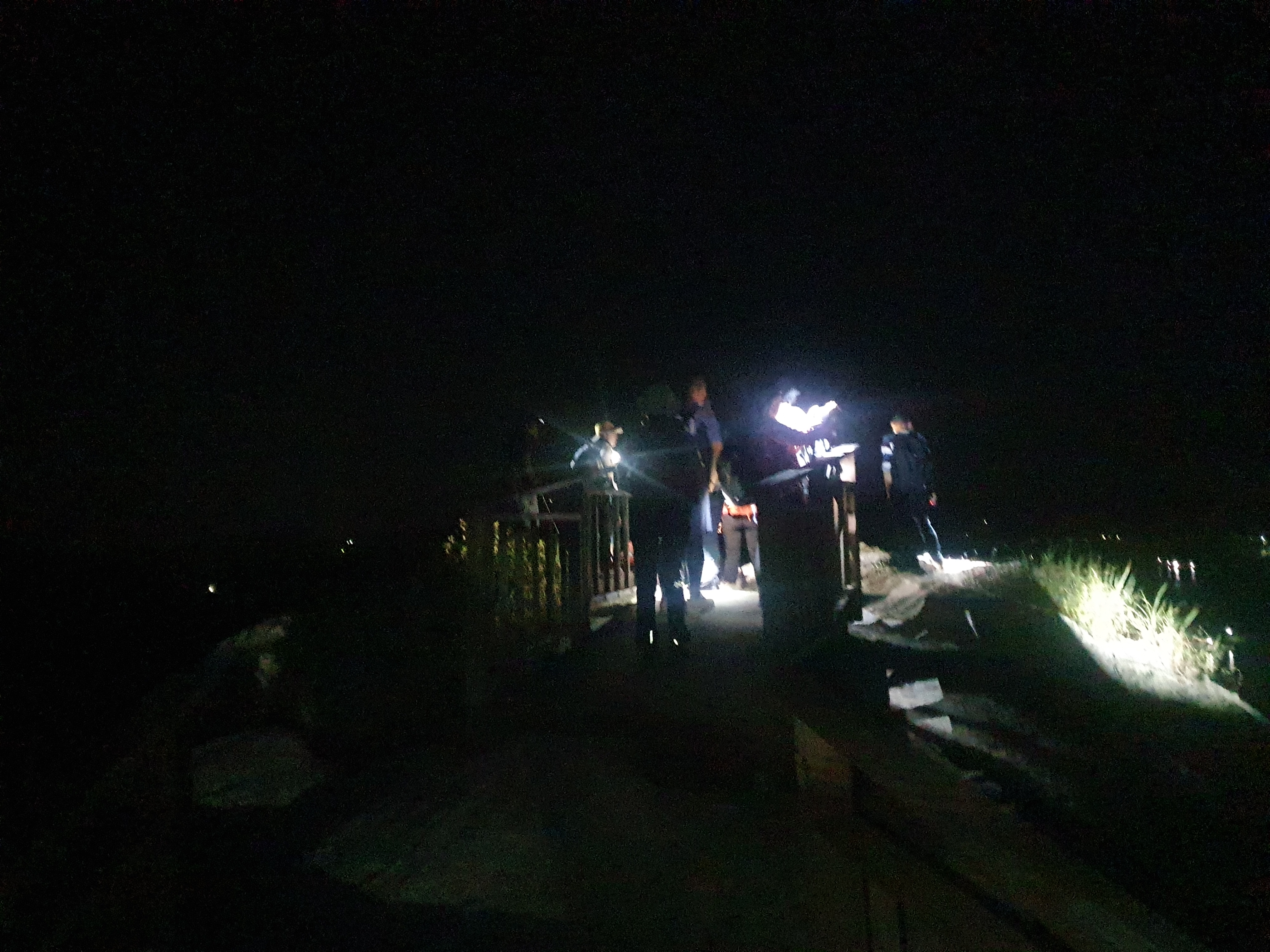 ▽캄캄한 밤에 헤드랜턴을 켜고 남망산을 오르는 것은 의미가 없다고 판단, 전망대에서 동이 트기를 기다렸다가 본격적인 산행을 하기로 한다. 05:00시 부터 동이트는 06:00까지 거의 한시간을 전망대에 올라 아침 간식을 먹으면서 날이 밝기를 기다렸다.
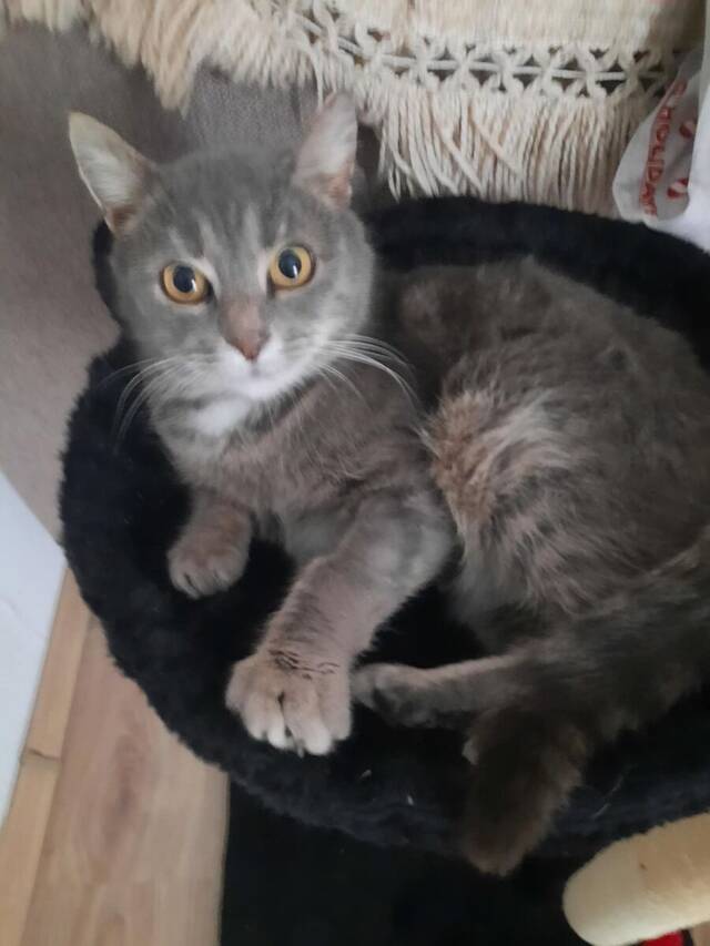ca. 11/2024 | | Farbe: | grau getigert, weißer Brustfleck/ blue-tabby/mc. white | | Kastriert/Sterilisiert: | Ja | | Impfungen: | Ja | | MMK Test: | Ja | | | | | Interesse? | Zu den Kontaktdaten! | Charakter: siehe Beschreibung
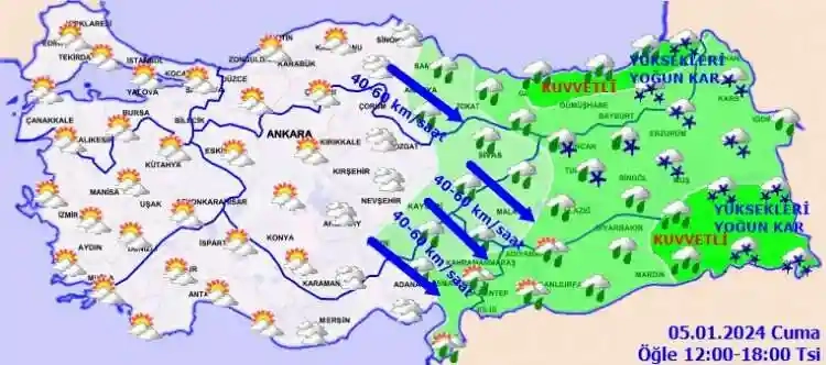 Meteoroloji'ye göre, Genellikle yağmur ve sağanak, Doğu Karadeniz'in iç kesimlerinde, Doğu Anadolu'nun kuzeyinde ve doğusunda karla karışık yağmur ve kar şeklinde görülecek yağışların Giresun, Rize ve Artvin çevrelerinde kuvvetli yağmur ve sağanak, Rize'nin ve Artvin'in yüksek ve dağlık kesimleri ile Şırnak'ın doğusu, Van'ın güneyi ve doğusu, Bitlis ve Hakkari çevrelerinde kuvvetli yüksek ve dağlık kesimlerinde yer yer yoğun kar yağışı şeklinde olması bekleniyor. İç kesimlerde sabah ve gece saatlerinde yer yer sis ve pus hadisesi bekleniyor.
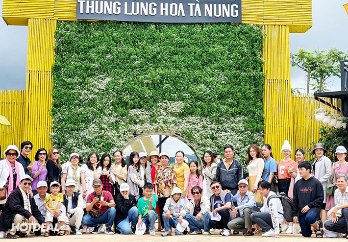 08h00: Xe đưa quý khách đến tham quan Thung lũng hoa Tà Nung. Với diện tích hơn 3 hecta nằm giữa view đồi núi mênh mông, đây là một điểm tham quan mới với những cánh đồng hoa đầy màu sắc, cảnh đẹp thiên nhiên, thơ mộng, những căn nhà gỗ được trang trí đầy hoa siu dễ thương; có quán Coffee Thung Lũng Hoa siêu cute với view 360, nhiều góc sống ảo đẹp chất, xịn xò.
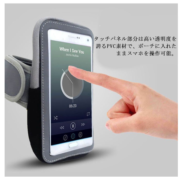 | スマホや小物などを入れておく、アームポーチです。 サイズ調整が可能で、メンズ、レディース対応の男女兼用モデル。 腕を巻く部分は面ファスナーで調整可能!ソフトで伸縮素材のため、付け心地抜群。 タッチパネル部分は高い透明度を誇るPVC素材で、ポーチに入れたままスマホを操作可能。 軽くて大容量のアームポーチは二つのスタイリッシュなポケット仕様なので、運動中に財布、鍵、携帯、ジェルドリンクなど自在で収納可能。 音楽を聴くためのイヤホン専用穴が設けられていますので、余分なコードは収納しておけます。 | |
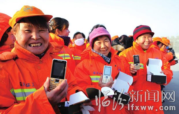 1月3日,我市舉行了“送溫暖,報平安”向環(huán)衛(wèi)工人捐贈愛心手機活動。臨汾電信分公司和臨汾概念傳媒公司為我市1000余名一線環(huán)衛(wèi)工人捐贈了1000余部手機,同時送100元話費,以實際行動關(guān)愛環(huán)衛(wèi)工人,共同營造參與環(huán)衛(wèi)、支持環(huán)衛(wèi)的社會氛圍。圖為我市環(huán)衛(wèi)工人高興地展示自己領(lǐng)到的愛心手機。本報記者 閆銳鵬 攝
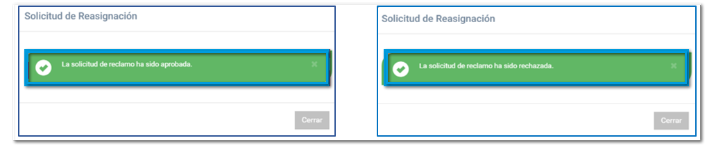 Si Apruebas o Rechazas la solisolicitud se mostrarán los siguientes mensajes:
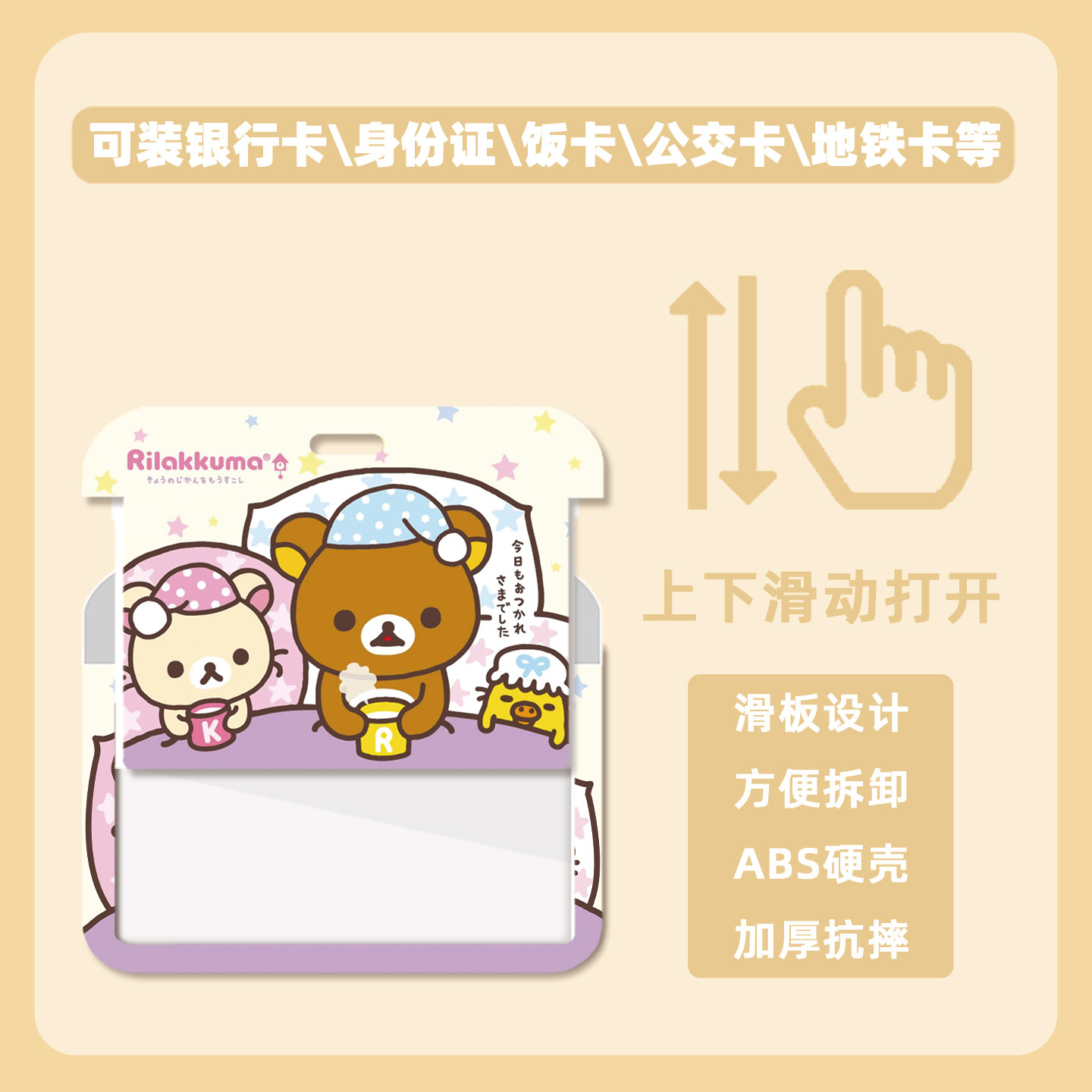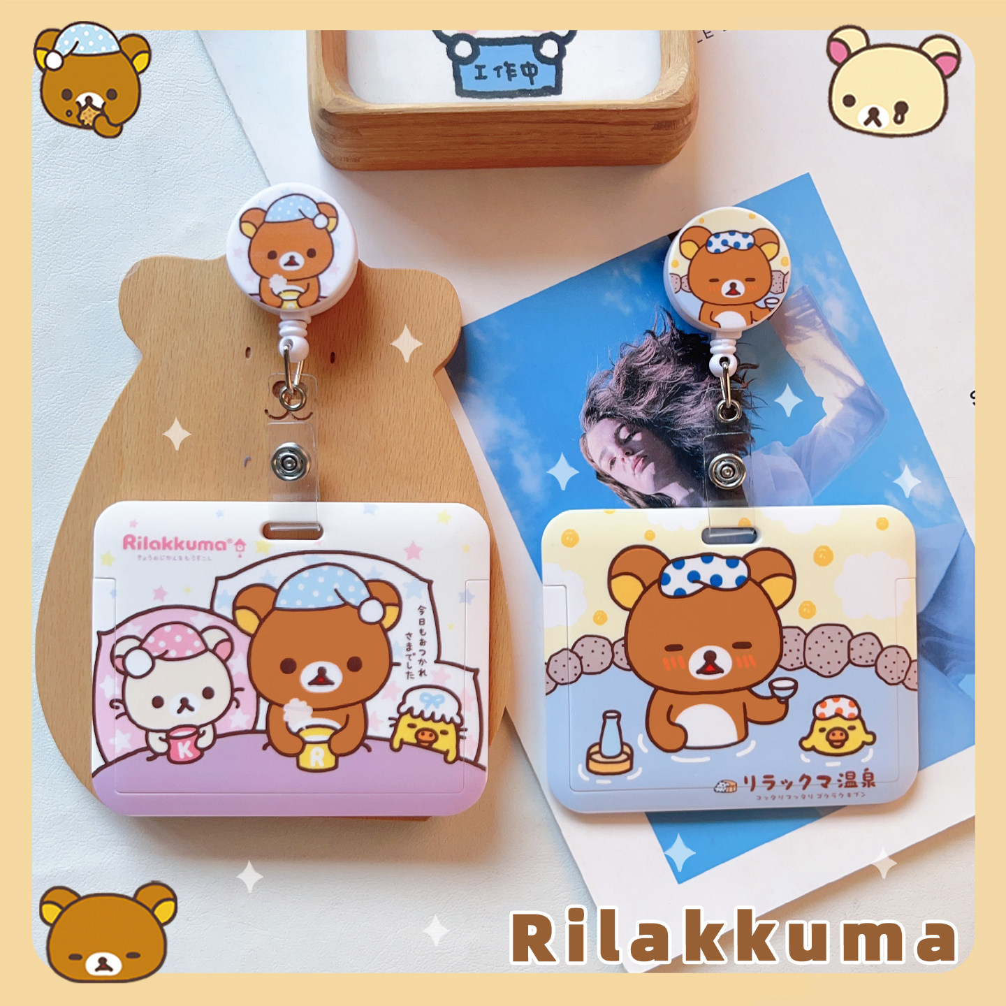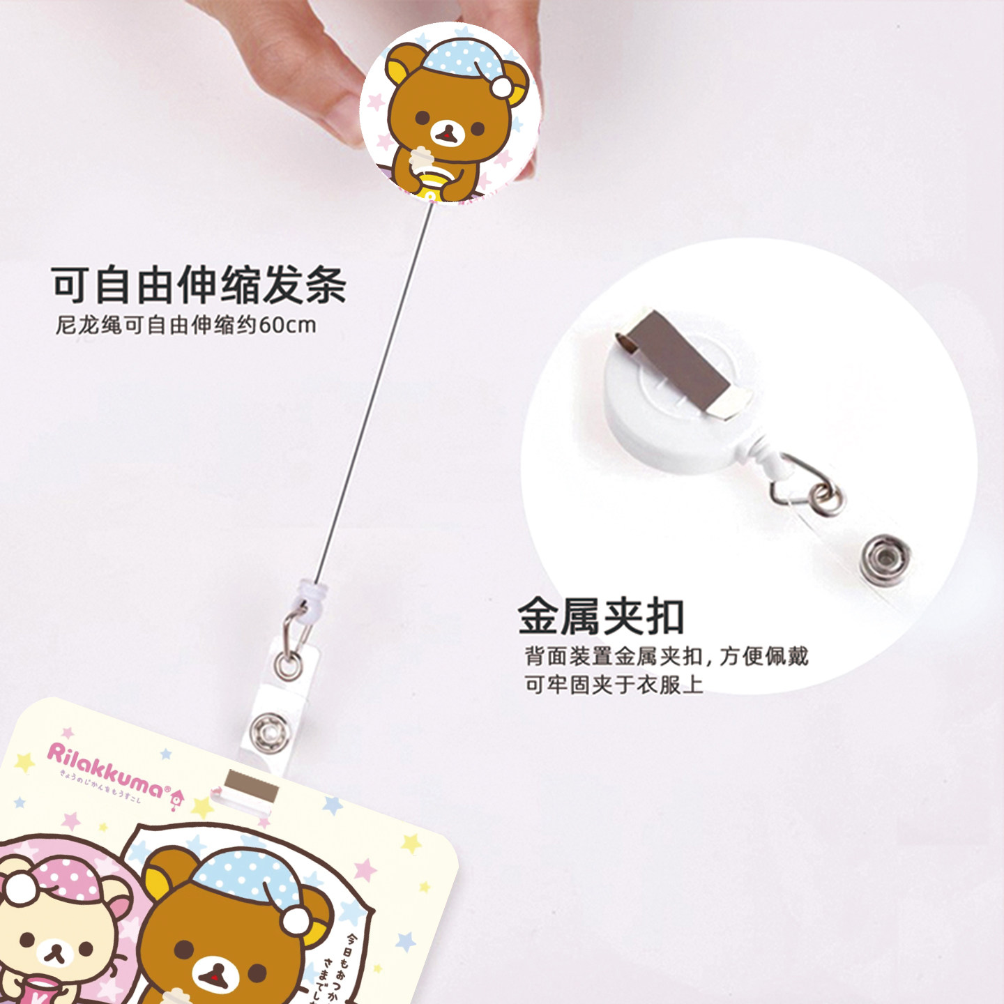 轻松熊熊妹可爱创意横版卡套带伸缩扣挂绳带易拉扣公交学生饭卡银行卡身份证校园证挂脖胸牌
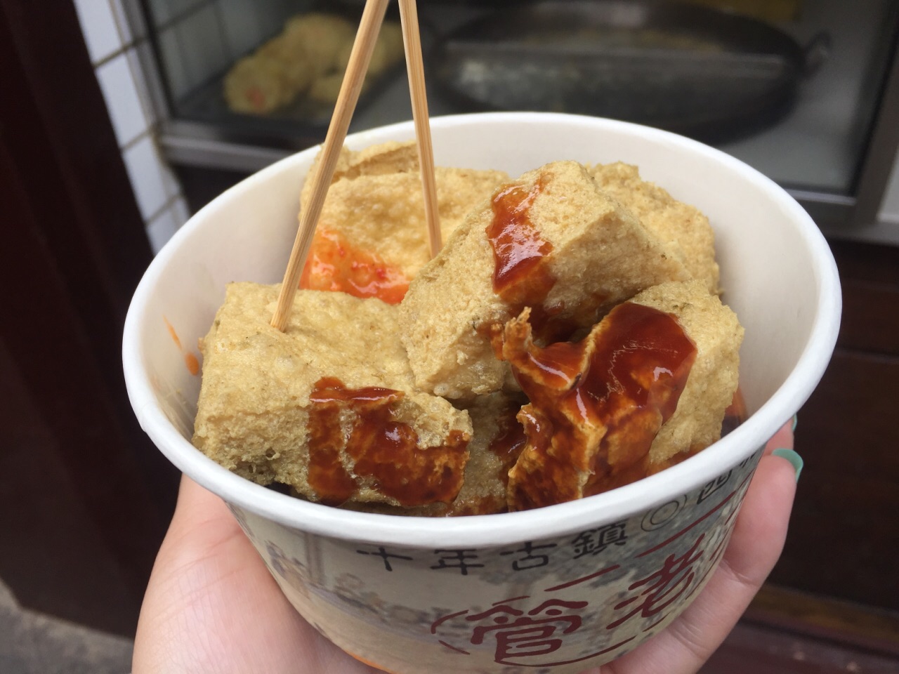 网友2017-11-11...铺蛮干净的,臭豆腐闻着臭吃着香,现煎的,可以堂吃也可以外带,蘸点甜酱辣酱,臭豆腐鲜嫩多汁,好吃古镇这边臭豆腐摊都很受欢迎都要排队的,这家管老太店铺蛮干净的,臭豆腐闻着臭吃着香,现煎的,可以堂吃也可以外带,蘸点甜酱辣酱,臭豆腐鲜嫩多汁,好吃。
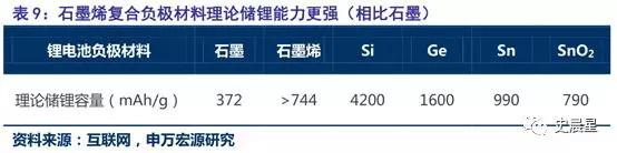石墨烯是由單層碳原子緊密排列構(gòu)成,鋰離子不僅可以存儲(chǔ)在石墨烯片層的兩側(cè),還可以在石墨烯片層的邊緣和孔穴中存儲(chǔ),其理論比容量為740~780mAh/g,為傳統(tǒng)石墨材料的 2 倍多,但遠(yuǎn)低于硅 4200 mAh/g,目前主流方向是硅碳負(fù)極。
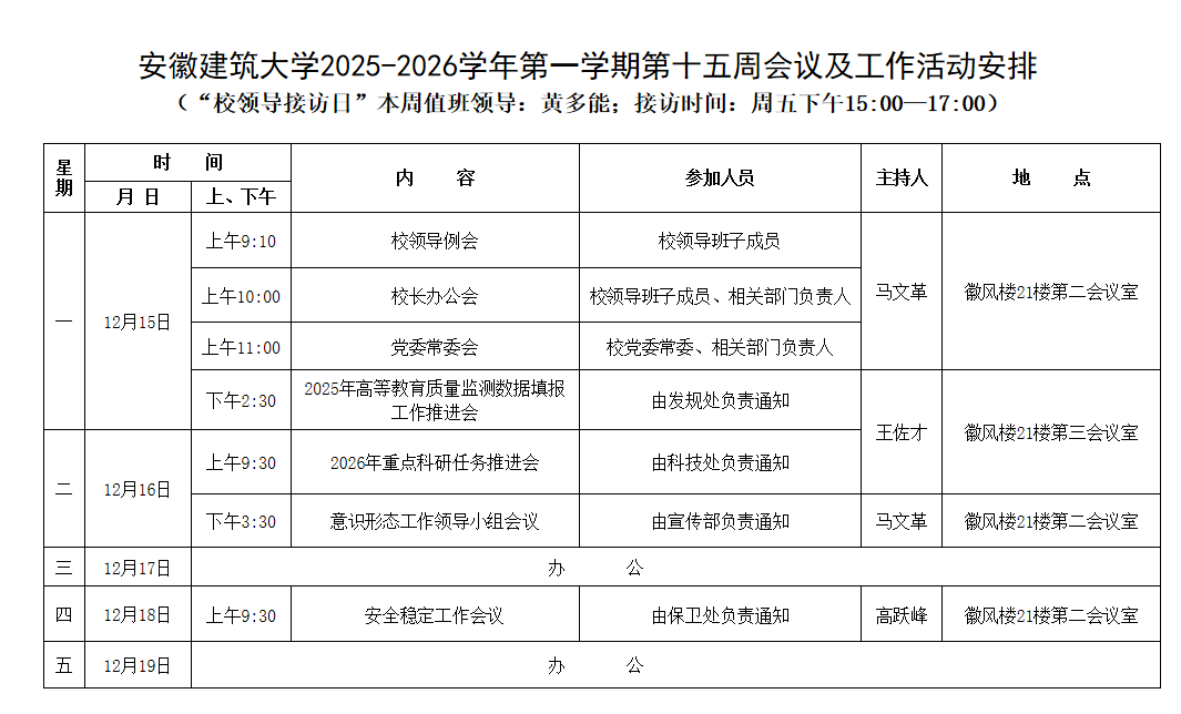 安徽建筑大学2025-2026学年第一学期第十五周会议及工作活动安排

Instructions for the task: From the records above, return exactly the lines running from the one that contains "轻松熊熊妹可爱创意横版卡套带" down to the one that contains "网友2017-11-11..", both included, without any pictures.

Output below:
 轻松熊熊妹可爱创意横版卡套带伸缩扣挂绳带易拉扣公交学生饭卡银行卡身份证校园证挂脖胸牌
 网友2017-11-11...铺蛮干净的,臭豆腐闻着臭吃着香,现煎的,可以堂吃也可以外带,蘸点甜酱辣酱,臭豆腐鲜嫩多汁,好吃古镇这边臭豆腐摊都很受欢迎都要排队的,这家管老太店铺蛮干净的,臭豆腐闻着臭吃着香,现煎的,可以堂吃也可以外带,蘸点甜酱辣酱,臭豆腐鲜嫩多汁,好吃。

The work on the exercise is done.